Question

The kinetic energy of an alpha particle is four times the kinetic energy of a proton. The ratio \( \left( \frac{\lambda_\alpha}{\lambda_p} \right) \) of de Broglie wavelengths associated with them will be:

• A. \( \frac{1}{16} \)
• B. \( \frac{1}{8} \)
• C. \( \frac{1}{4} \)
• D. \( \frac{1}{2} \)

Hint:

The de Broglie wavelength is inversely proportional to the momentum of the particle. Since the kinetic energy is proportional to the square of the momentum, the de Broglie wavelength will be smaller for particles with higher kinetic energy.

Answer 1

The Correct Option is C

The de Broglie wavelength \( \lambda \) of a particle is related to its momentum \( p \) by the equation: \[ \lambda = \frac{h}{p} \] Where:
- \( h \) is Planck's constant,
- \( p \) is the momentum of the particle.

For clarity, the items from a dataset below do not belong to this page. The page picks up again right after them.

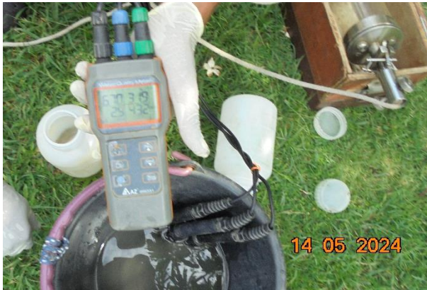
รูปที่ ก-5 การเก็บและวิเคราะห์ตัวอย่างน้ำทิ้ง
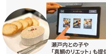
瀬戸内との子や「真鯛のリエット」も提供

特別な時間を過ごすことができる「厳島いろは」。グループ社員の皆様には30%OFFの特典をご用意しています。
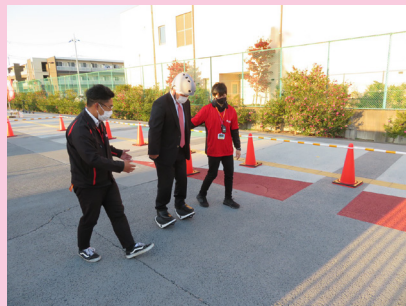
モビリティ体験講習に参加
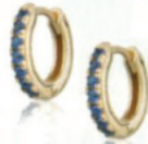
EARRINGS, £30, Scream Pretty
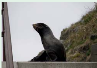
佐渡ヶ島にて 海岸線をトレッキング中、突然襲ってきたアザラシordド?
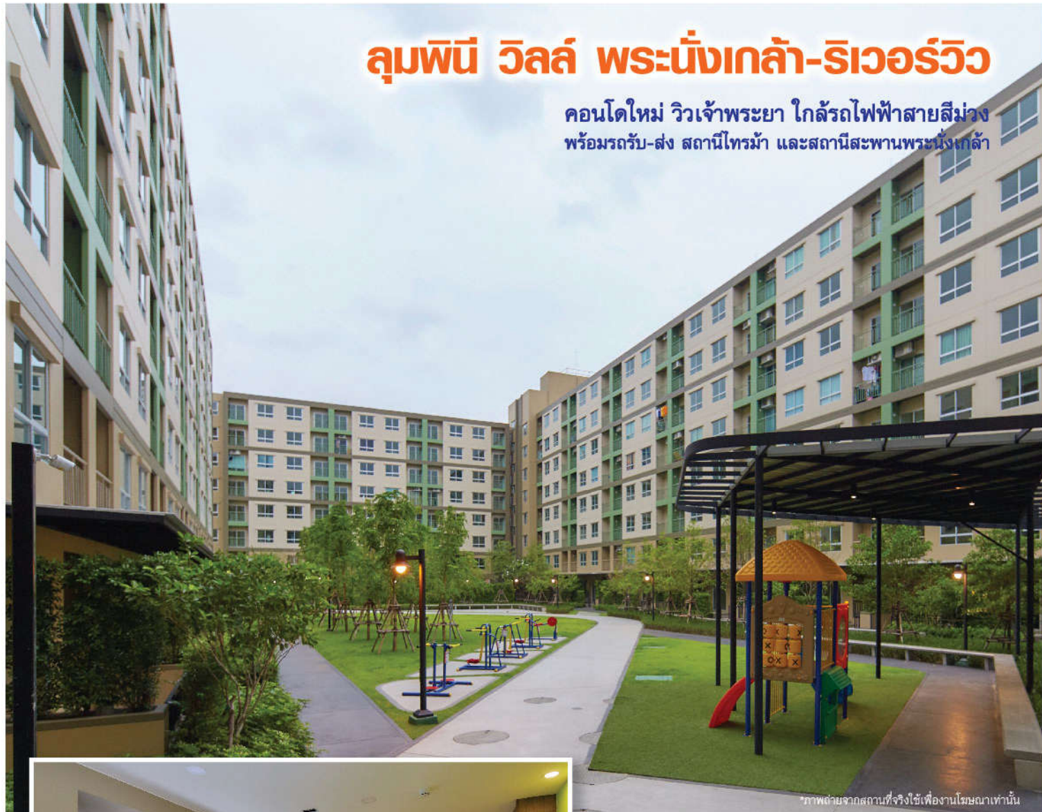
*ภาพถ่ายจากสถานที่จริงใช้เพื่องานโฆษณาเท่านั้น

คอนโดใหม่ วิวเจ้าพระยา ใกล้รถไฟฟ้าสายสีม่วง พร้อมรถรับ-ส่ง สถานีไทรม้า และสถานีสะพานพระนั่งเกล้า
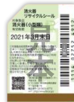
既販品用シール(見本)
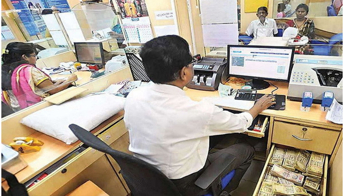
રાજ્યના ૧૩ વિભાગોની ૨૦૦થી વધુ ઉંચક યોજનાઓમાં આધાર પ્રમાણીકરણ સેવાઓનો ઉપયોગ: ગત નાણાકીય વર્ષમાં ૫૬ કરોડથી વધુ આધાર પ્રમાણીકરણ ટ્રાન્ઝેક્શન

રાજ્યમાં ડિજિટલ ટ્રાન્સફોર્મેશન અને ઇ-ગવર્નન્સ થકી સરકારી સેવાઓમાં પારદર્શિતા અને કાર્યક્ષમતાનો નવો સૂર્યોદય
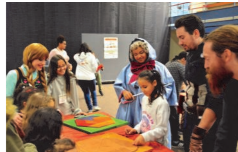
Animation des cosplayers sur le stand Cariboo

Fête de Noël : mercredi 19 décembre 2018
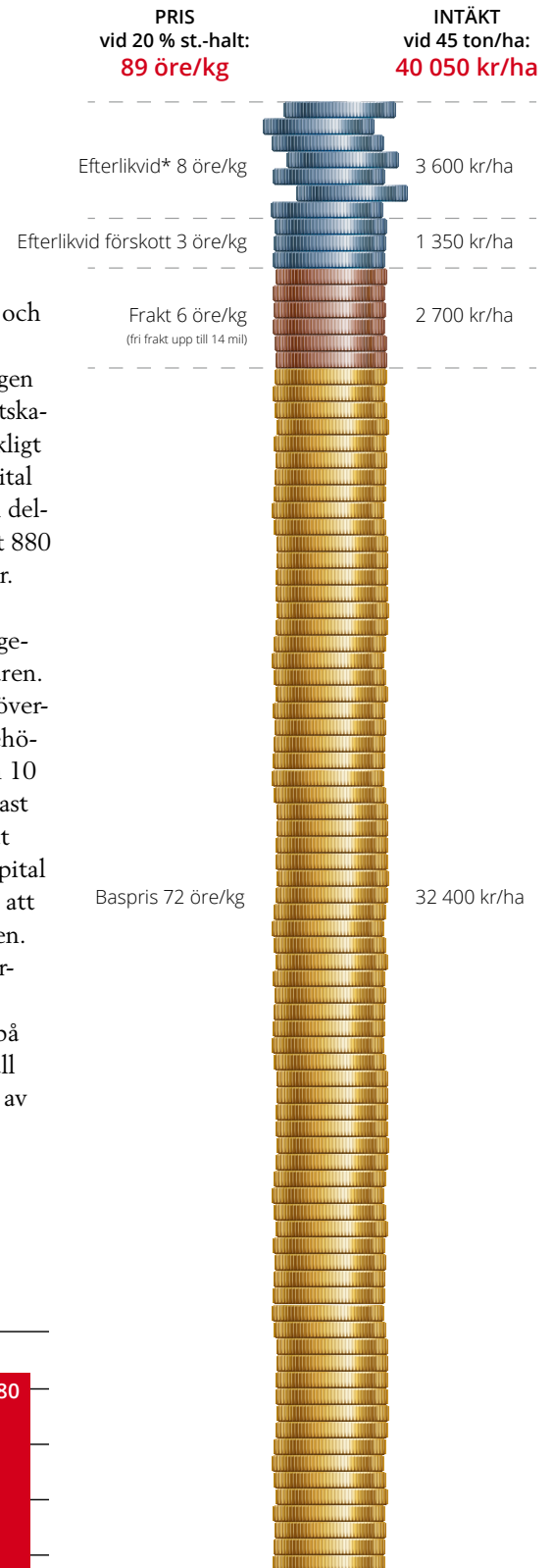
Betalning 2020, öre/kg, vid olika stärkelsehalter

Kravet om två potatisfria år kvarstår. Vi är helt övertygade om att det på sikt är gynnsamt att dra ut på växtföljden, för att vi framöver skall nå en hållbar och långsiktig odling av stärkelsepotatis.
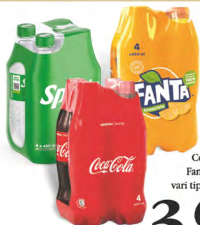
Coca-Cola/ Fanta/Sprite vari tipi 4x45 cl
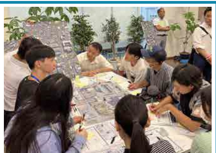
参加者それぞれが思う課題や魅力について話し合いました
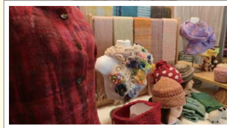
羊毛・ニット製品
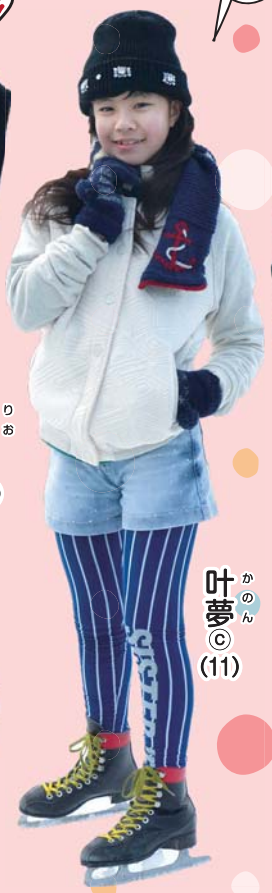
叶夢 © (11)
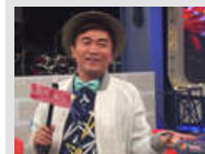
主持人吴宗宪被判刑
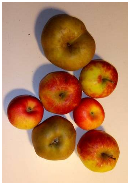
Diversitat varietal de pomes
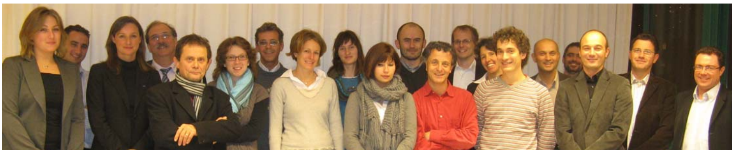
Réception officielle des partenaires du projet à la Communauté de communes du pays de Tarare © CCIL 2009.
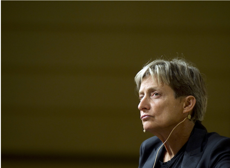
Kønsforsker, filosof og feminist Judith Butler er forfatteren bag "Gender Trouble – Feminism and the Subversion of Identity."

Når kvinder som Girlsquad – og os andre – aktivt overdriver, underdriver eller på anden måde fremstiller kønnet gennem en særlig prisme, gør de betragteren opmærksom på, at kønnet netop er performativt. Eller sagt på en anden måde: Ved at overgøre sin kvindelighed bruger man patriarkatets regler mod patriarkatet selv.
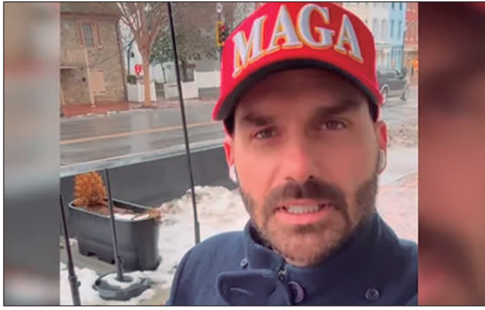
Ex-deputado responde por suposta tentativa de intimidar STF
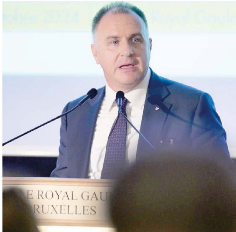
Leader degli industriali. Emanuele Orsini, presidente di Confindustria
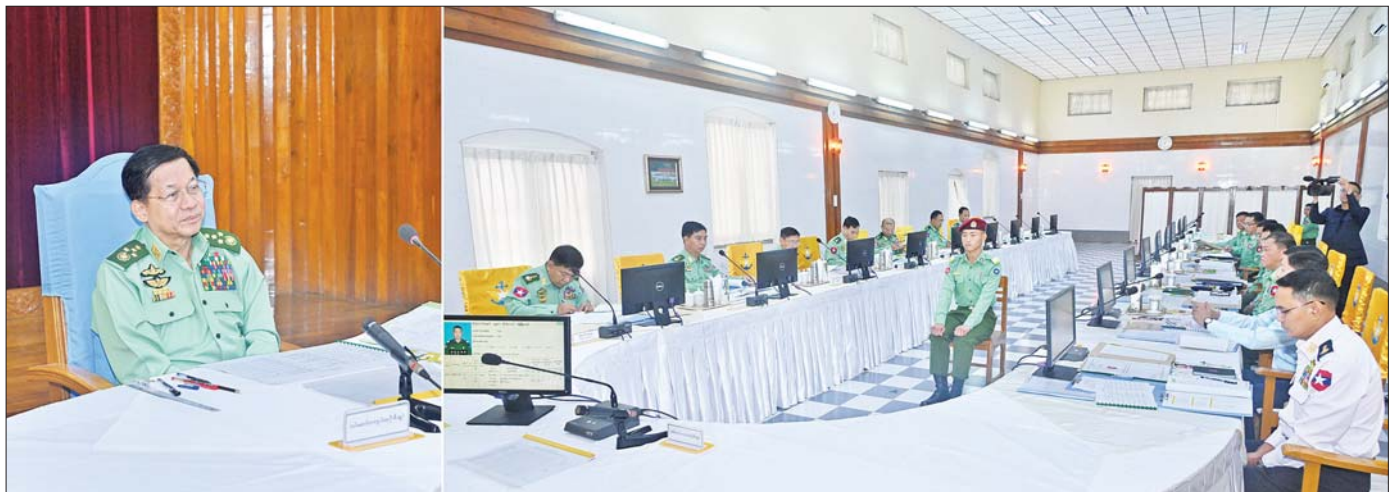
နိုင်ငံတော်စီမံအုပ်ချုပ်ရေးကောင်စီဥက္ကဋ္ဌ တပ်မတော်ကာကွယ်ရေးဦးစီးချုပ် ဗိုလ်ချုပ်မှူးကြီး မင်းအောင်လှိုင် စစ်တက္ကသိုလ်ဗိုလ်လောင်းသင်တန်းအမှတ်စဉ်(၆၇)မှ ဗိုလ်လောင်းများအား တစ်ဦးချင်းစီ တွေ့ဆုံမေးမြန်းစဉ်။
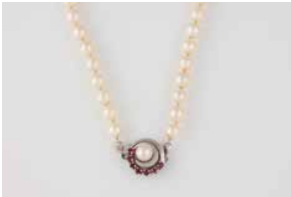
356 | PERL-COLLIER Weißgold. L. 69,5 cm, Ges.-Gew. ca. 42,6 g. Gest. 585. D. der Perlen jeweils ca. 6,5 mm, sieben rund facettierte Rubine. Tragespuren. € 120,-
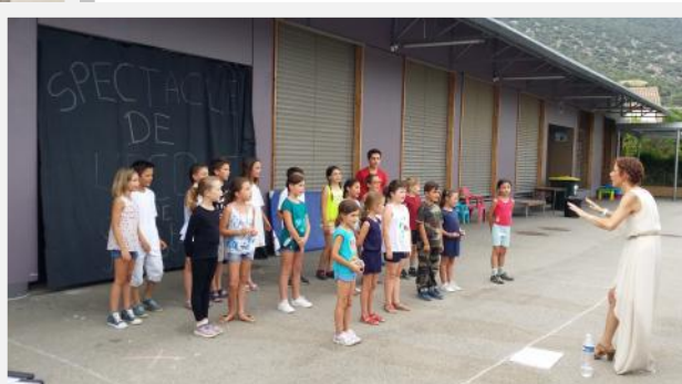
Spectacle du 23 juin
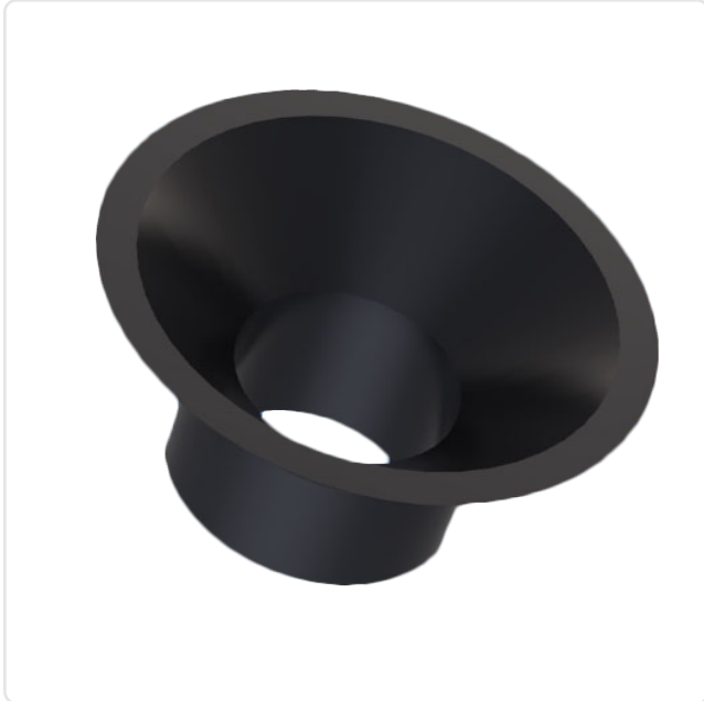
Abbildung ggf. ähnlich
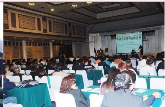
บรรยาย เรื่อง เขตการค้าเสรีอาเซียนกับการเตรียมความพร้อมของ สหกรณ์การเกษตร ครั้งที่ 5 ที่พิษณุโลก (1มี.ค.55)
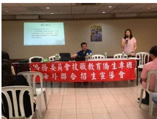
海外信用保證基金解說就學貸款方案
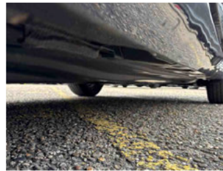
Seitenansicht - Schweller links
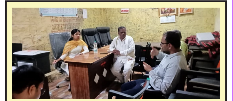
पिठ्ठी गावामध्ये मा जिल्हाधिकारी मंडम यांनी भेट दिली व विविध विकास कामाची पाहणी करून सरपंच यांच्या कामाचे कौतुक केले. तर
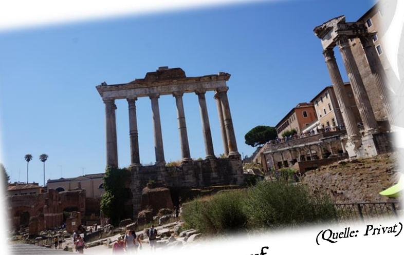
Der Tempel des Saturn auf dem Forum Romanum, Rom
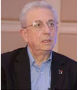
د. مصطفى البرغوثي

في خضم المراسيم المتلاحقة وحالة الارتباك التي تسود الساحة الفلسطينية في غياب الاستراتيجية الوطنية الموحدة، والقواعد الناظمة للحياة السياسية الديمقراطية، وفي وضع يواجه فيه الشعب الفلسطيني أخطر التحديات في تاريخه أمام حرب الإبادة، ومخططات التطهير العرقي، وهجمات الإرهاب الاستيطانية، يبدو التناقض صارخاً بين احتياجات النضال والواجهة، والدفاع عن الشعب الفلسطيني، ومستوى البنين الداخلي الفلسطيني للطلاب بتلبية هذه الاحتياجات.
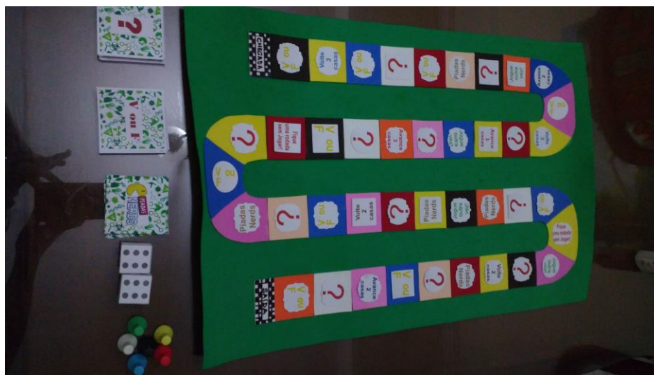
Figura 4. Jogo de tabuleiro.

O conhecimento prévio dos alunos a respeito das temáticas foi mediado através do professor, que assume esse papel importante de unir o prévio ao conhecimento científico (CONDE et al., 2013).
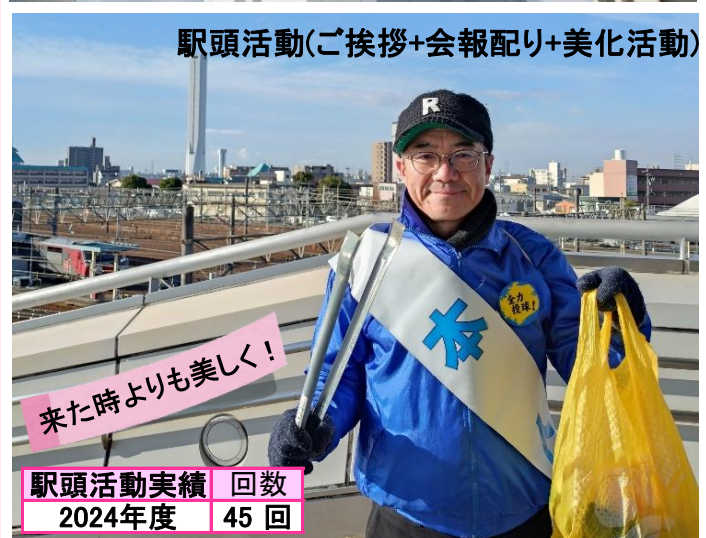
駅頭活動(ご挨拶+会報配り+美化活動)
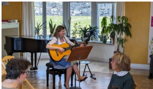
Månadsmötet den 8 april
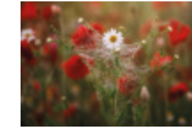
2. Platz 2024: Johanna Burosch
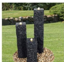
Vattensten Granit 3-set Höjd: 50/75/100cm (20x20cm)
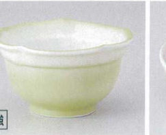
11508-416 1,080円 ヒワ吹輪花3.0小鉢(93×50mm) 11509-416 1,300円 ヒワ吹輪花3.8小鉢(110×60mm)
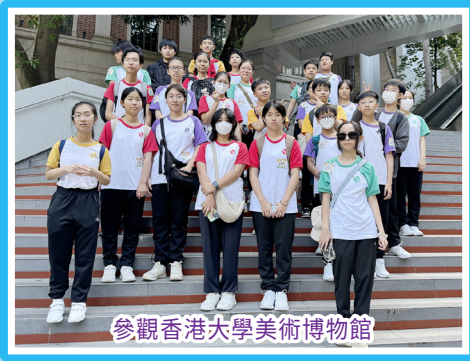
參觀香港大學美術博物館
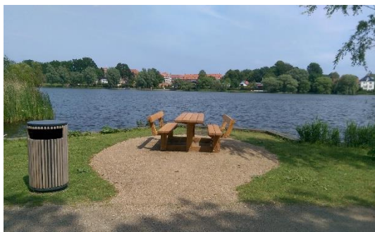
Et af de nye borde-bænkesæt ved Gentofte Sø.

Kommunens kirkegårde udgør et rekreativt mål for mange. Det gælder også ældre og borgere med handicap. Samtidig ligger flere af kirkegårdene centralt for bydelscentrene. Blandt andet derfor har Tilgængelighedsforum taget fat på at realisere en række tilgængelighedsforholdene på Ordrup Kirkegård er blevet forbedret i 2019.
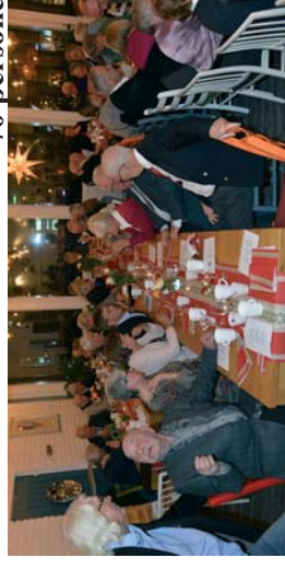
Flere møttes igjen etter mange år
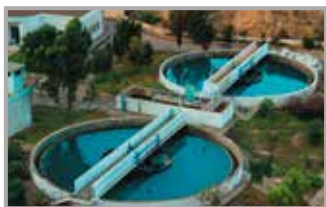
Szamba i przydomowe oczyszczalnie ścieków do kontroli str. 12-13
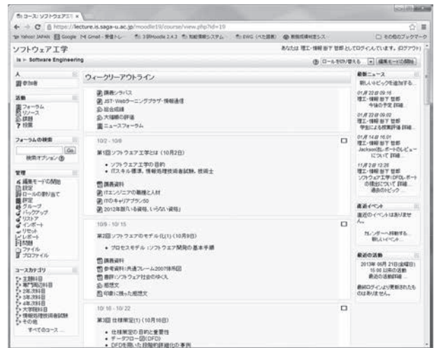
図-1 Moodleを用いた講義Webページ
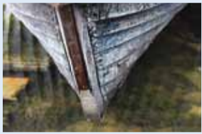
Paat on kaluri töövahend.

Rannarahva Muuseum koolitab koostöös MTÜ-ga Harju Kalandusühing ja MTÜ-ga Räimeühing tulevase ja praeguseid rannakalureid.

Momentum is related to the kinetic energy \( K \) and mass \( m \) by the equation: \[ K = \frac{p^2}{2m} \] Thus, the momentum can be expressed as: \[ p = \sqrt{2mK} \] The de Broglie wavelength then becomes: \[ \lambda = \frac{h}{\sqrt{2mK}} \] Now, we are told that the kinetic energy of the alpha particle is four times that of the proton: \[ K_\alpha = 4K_p \] The ratio of the de Broglie wavelengths is: \[ \frac{\lambda_\alpha}{\lambda_p} = \frac{\frac{h}{\sqrt{2m_\alpha K_\alpha}}}{\frac{h}{\sqrt{2m_p K_p}}} \] Simplifying this expression: \[ \frac{\lambda_\alpha}{\lambda_p} = \frac{\sqrt{2m_p K_p}}{\sqrt{2m_\alpha K_\alpha}} = \frac{\sqrt{m_p K_p}}{\sqrt{m_\alpha K_\alpha}} \] Since the mass of the alpha particle is four times that of the proton \( m_\alpha = 4m_p \), and \( K_\alpha = 4K_p \), we get: \[ \frac{\lambda_\alpha}{\lambda_p} = \frac{\sqrt{m_p \cdot K_p}}{\sqrt{4m_p \cdot 4K_p}} = \frac{\sqrt{m_p K_p}}{\sqrt{16 m_p K_p}} = \frac{1}{4} \] Thus, the ratio of the de Broglie wavelengths is \( \frac{1}{4} \). Therefore, the correct answer is option (C).